Friday, October 07, 2005

without a safety net

I was happy and then.

Something about the figures asleep on the train, the man snoring beside the paper discards, something about the beer, the conversation, the table. No, the bed, the way I seemed suddenly too tall for my bed, could not get comfortable, could not get cool from sheets, could not fall asleep.

Something about this paragraph:

I have tried and tried to remember what I felt. Surely I must have felt surprised, but no sense of it comes back to me. All I can recall is happiness, happiness in my mind and in my heart and flowing through my whole body, happiness like the warm cloak of sunlight that fell round me on the tower. It was darkness, too—and the darkness comes again when I try to recapture the moment…and then I find myself coldly separate—not only from Simon, but from myself as I was then. The figures I see in the candlelit pavilion are strangers to me --Dodie Smith, I Capture the Castle.

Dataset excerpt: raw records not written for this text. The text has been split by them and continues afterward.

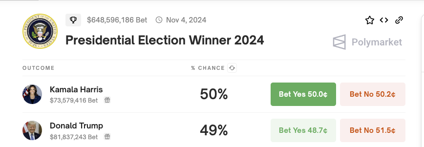 När valet närmar sig, med Harris och Donald Trump sida vid sida på förutsägelsemarknader som Polymarket, står en potentiell utnämning av Gensler som en betydande stridsfråga. Enligt Polymarket är oddsen för att Donald Trump vinner valet 49%, medan Kamala Harris har 50% sannolikhet att bli USA:s president.
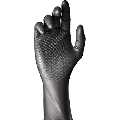 Juba 'Grippaz' Disposable Nitrile Powder Free Coated Gloves, Black, Size 9
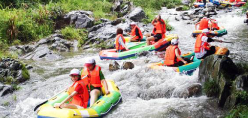 炎熱夏季,戶外漂流是消暑首選。乘著皮筏順流而下,穿梭在蜿蜒流動(dòng)的河中,陽光普照,四面青山環(huán)繞,漂流其間,迎面而來的涼風(fēng)與水珠沖刷掉了夏日的酷熱。刺激的漂流也似乎喚起了大家尋樂的童心,河道中彼此你追我趕,一旦相撞少不了要一場(chǎng)戲水激戰(zhàn)。飛濺的河水浸透了衣服,大家卻沉浸在快樂里。
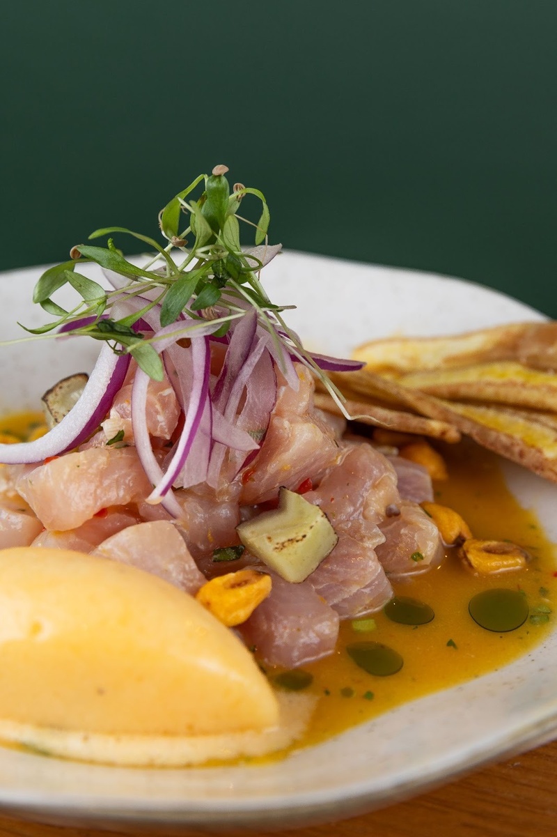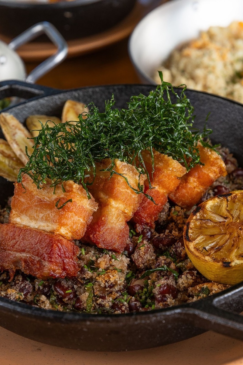 A proposta gastronômica do espaço combina ingredientes nativos, técnicas tradicionais e interpretações contemporâneas que celebram a diversidade e a afetividade da culinária brasileira. Nas entradas, o público encontra releituras como o Ceviche da Amazônia, marcado pela acidez e pelo tempero da região, e o pão de queijo com linguiça, que resgata o sabor mineiro. Entre os principais, destacam-se o Picadinho de Mignon, preparado em uma releitura que traduz afeto e tradição, o Bobó de Camarão, cremoso e aromático, que homenageia a força da culinária afro-brasileira, além de opções veganas. As sobremesas encerram a experiência com memórias afetivas: a cocada cremosa, típica do Nordeste, e a torta Romeu e Julieta, que exalta o encontro perfeito entre queijo e goiabada.
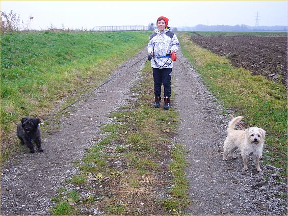 Danach gehen wir Gassi. Dabei führe ich immer einen Hund mit mir an der Leine.
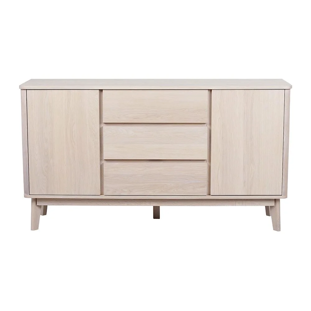 Tyylikäs senkki, jossa yhdistyvät parhaimmillaan pohjoismainen retrodesign ja käytännöllinen säilytystila. Selkeälinjainen muotoilu, pyöristetyt yksityiskohdat ja valkopesty tammiviimeistely luovat lämpimän, ajattoman ilmeen, joka sopii niin moderniin kuin klassiseenkin sisustukseen.
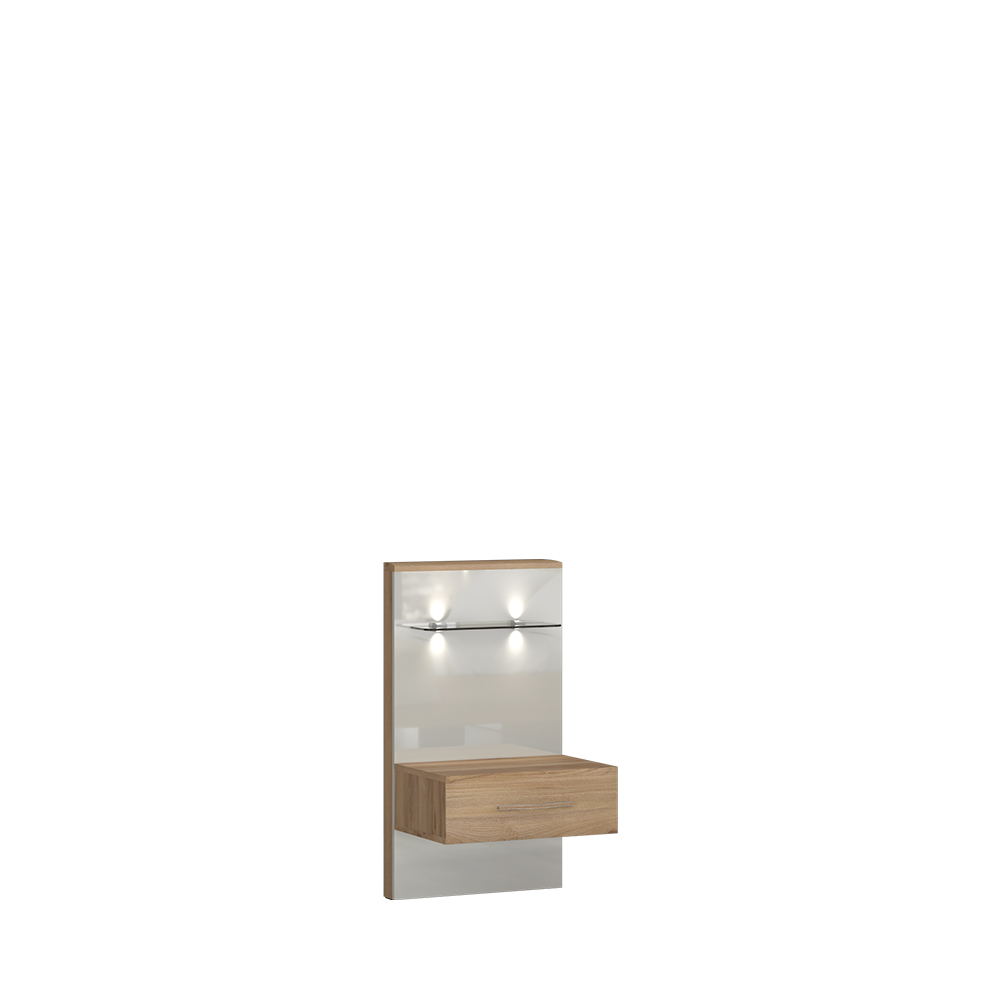 Noćni stočić za spavaću sobu, iz kolekcije GALA, modernog dizajna, sa jednom fiokom i staklenom policom.
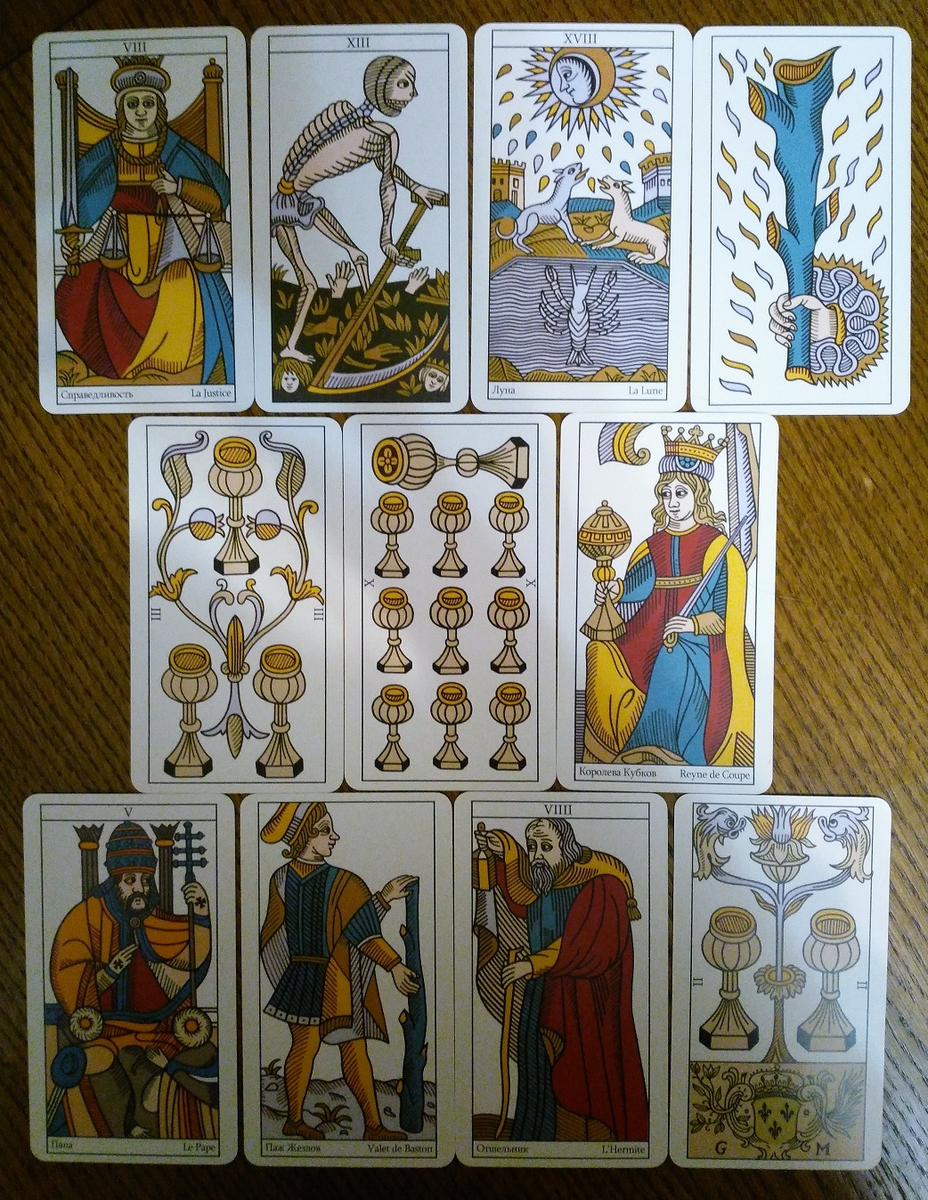 У Скорпионов, как известно, специфическое отношение к трудностям. Они их только закаляют и будоражат, вызывают живой интерес. Именно поэтому будем условно считать, что для этого знака зодиака отрицательные прогнозы крайне редки. Итак, посмотрим, что у нас получилось применительно к осени. Верхний ряд – общие тенденции. Справедливость. Наш Скорпион получит именно то, чего достоин. Смерть. Будут перемены и глубинные трансформации, выздоровления и обновления, кардинальная смена парадигмы и ситуации. Для Скорпиона с его могуче-разрушительной марсианско-птутонианской энергетикой всё это является абсолютной нормой жизни. Он привык раз в какой-то период сбрасывать кожу и начинать всё как бы с чистого листа (учитывая весь предыдущий ценнейший опыт, конечно, ведь Скорпионы отличаются проницательностью и наблюдательностью). Луна. Иллюзии, столь не свойственные Скорпиону обычно, тут, как ни странно, появятся. Видимо, после очередной трансформации возникнут новые планы и мечты или же оживут стары
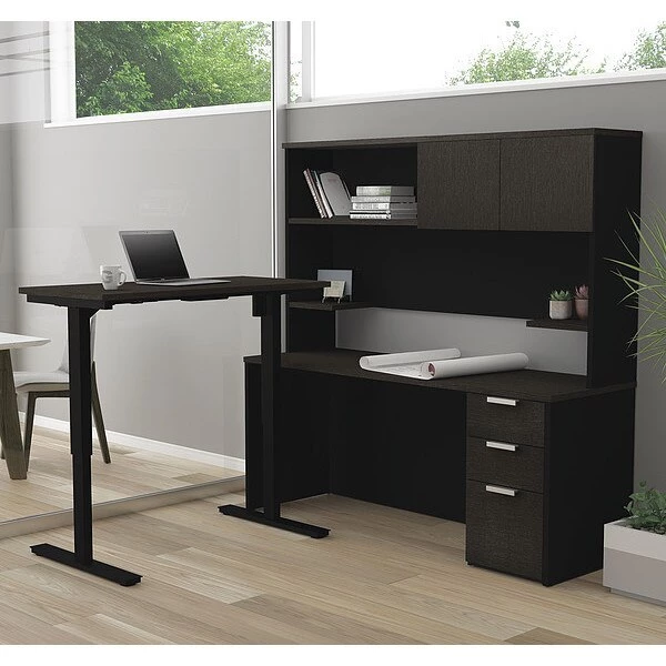 - Item: Height Adjust L-Desk,w/Hutch,Grey/Blk
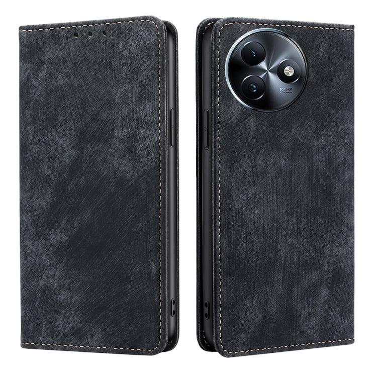 Funda de Cuero Magnética con Cepillo Antirrobo Rfid para Itel S24 4G (Negra)
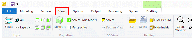 The View tab contains functions for viewing a drawing or a model as well as controlling the windows. Some of the functions are also available on the tool strip at the top of the working window.
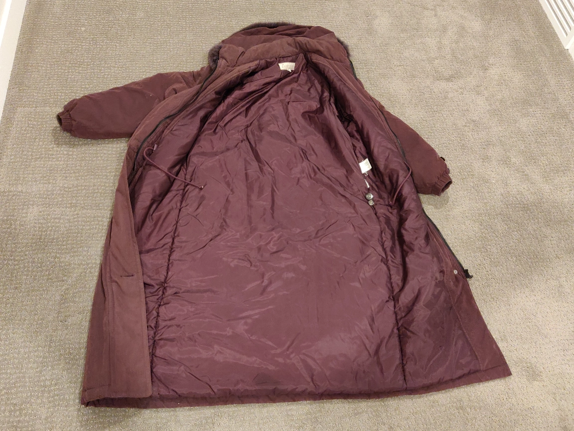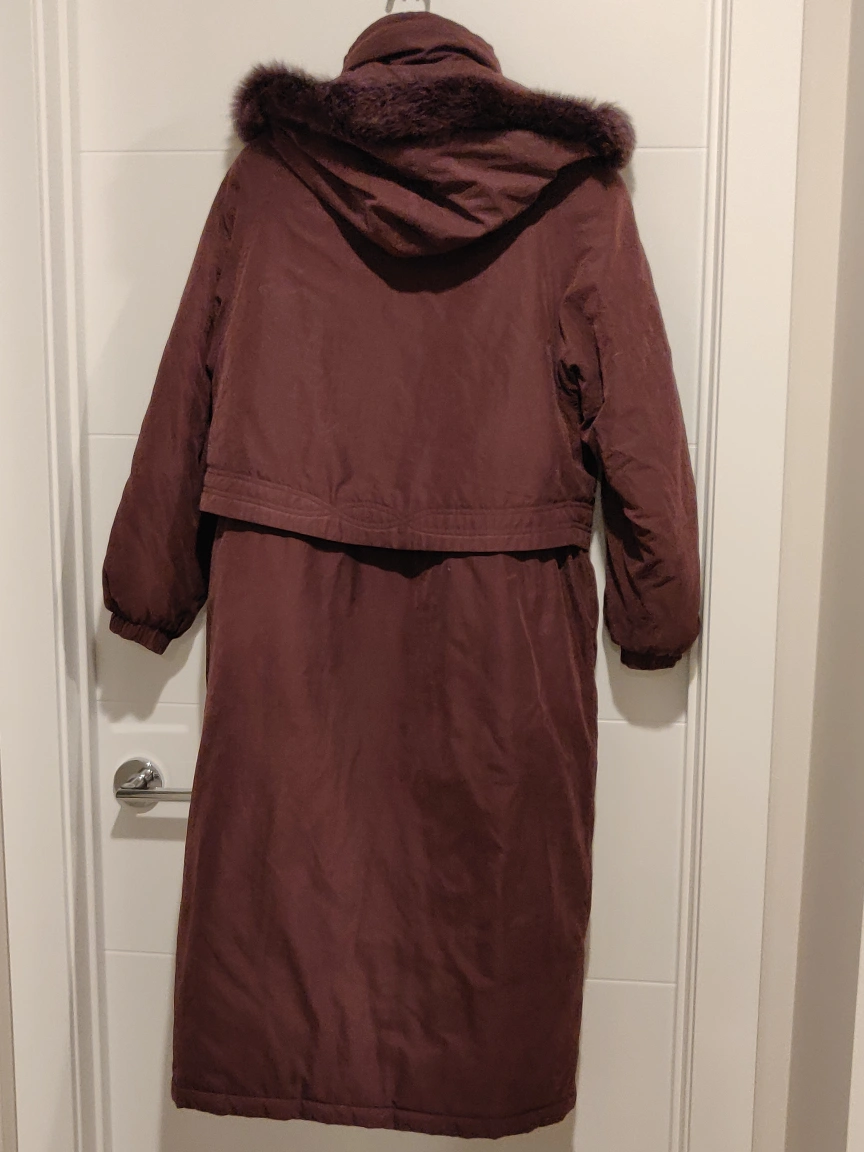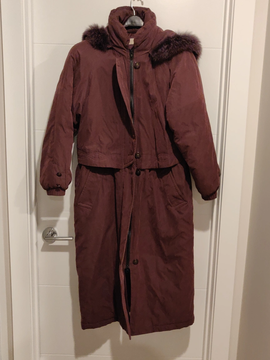 I am selling an Apropos Women Long Winter Coat Jacket in great condition. Works great as a fall / winter / spring coat. Has shoulder pads, a drawstring on the inside waist, a full-length zipper, and a removable hood.
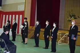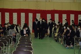 「第57回卒業証書授与式」が、3月3日(火)に本校第2体育館で、PTA会長・山本洋平氏、同窓会長・橋場勇生氏を来賓としてお招きし、挙行されました。新型コロナウィルス感染拡大防止のため、規模を縮小した卒業証書授与式となりました。式辞で佃和明校長が、江戸時代の天文学者・伊能忠敬が50歳からかねてからの夢であった天文学を学び初め、その功績から日本地図の作成に関わったことを引き合いにし、「大切なことは夢に向かって行動すること。失敗を恐れずにがんばってほしい」とはなむけのことばを贈りました。また答辞として、代表の村井皓太くんが「松任高校の先生方の支えがあったから今日を迎えることができた」と感謝のことばを述べました。
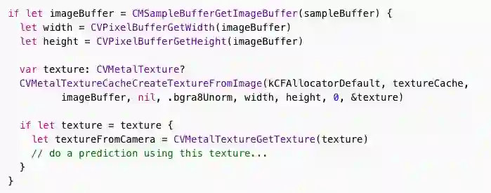 使用Core ML,输入图像必须是一个CVPixelBuffer,但Metal需要MTLTexture。在下面代码中,我们可以轻松地将相机中的像素转换为texture:
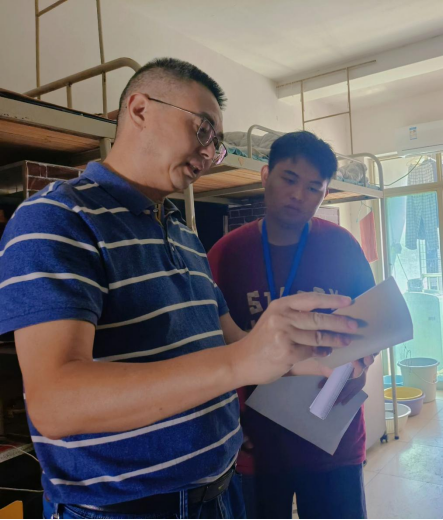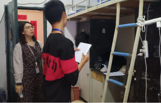 为积极贯彻落实学校疫情防控工作要求,全面提升疫情防控期间学生宿舍安全卫生防护。10月18日中午,我院党总支书记刘峥教授携全体辅导员老师深入学生宿舍开展查寝工作,由团总支学生会督察部同学们协同配合。

You believe you are grown up. You believe you are wholly not innocent. You have lived in the city. You have parallel parked. You have dyed your hair. You have been robbed. You have seen rats. You have broken hearts. You have had yours pieced together. You are over it. You’re good.

But what was taken from me this summer: something I didn’t even know I had, some vestige of magic, some innocence, some bit of child, maybe the last bit left, maybe the last me uncorruptable.

How do I write knowing there was a part of me like that left? There was a part, and it came out, like the stray that lived beneath the couch, and then it then it was taken, then it was gone. How do I get work done, make up lives, make syllabics out of my own life, make sense, make a new story, knowing there is that kind of pain in this world, and it came for me, and it took a part of me away?

Then I think, I try to think…if there was that part, maybe there are others. Maybe one that makes Valentine’s, one that carves pumpkins, one that believes Victorian novels, one that still believes in good intentions, in trust, in us.

I am still that girl who stays up all night writing a poem, then prints it out, and sleeps with the pages, literally falls asleep with the pages beside her in the bed, so they can be the first thing she reads upon waking.

I make a decision to surround myself with magic.

The décor of my bedroom is circus caravan: long purple curtains studded with silver stars, blue scarf thrown over bedside lamp, strings of pink flowers tacked to the walls black and white postcards. At night, I pretend we are moving on wagon wheels. I will wake up to a new town, dewy with light, coffee smells, hay smells, hope.

I will wake up and put on my satin slippers and my leotard and shuffle through the sawdust and climb up the rope and do something daring, without a net. And that’s just my warm-up.

That’s just the beginning.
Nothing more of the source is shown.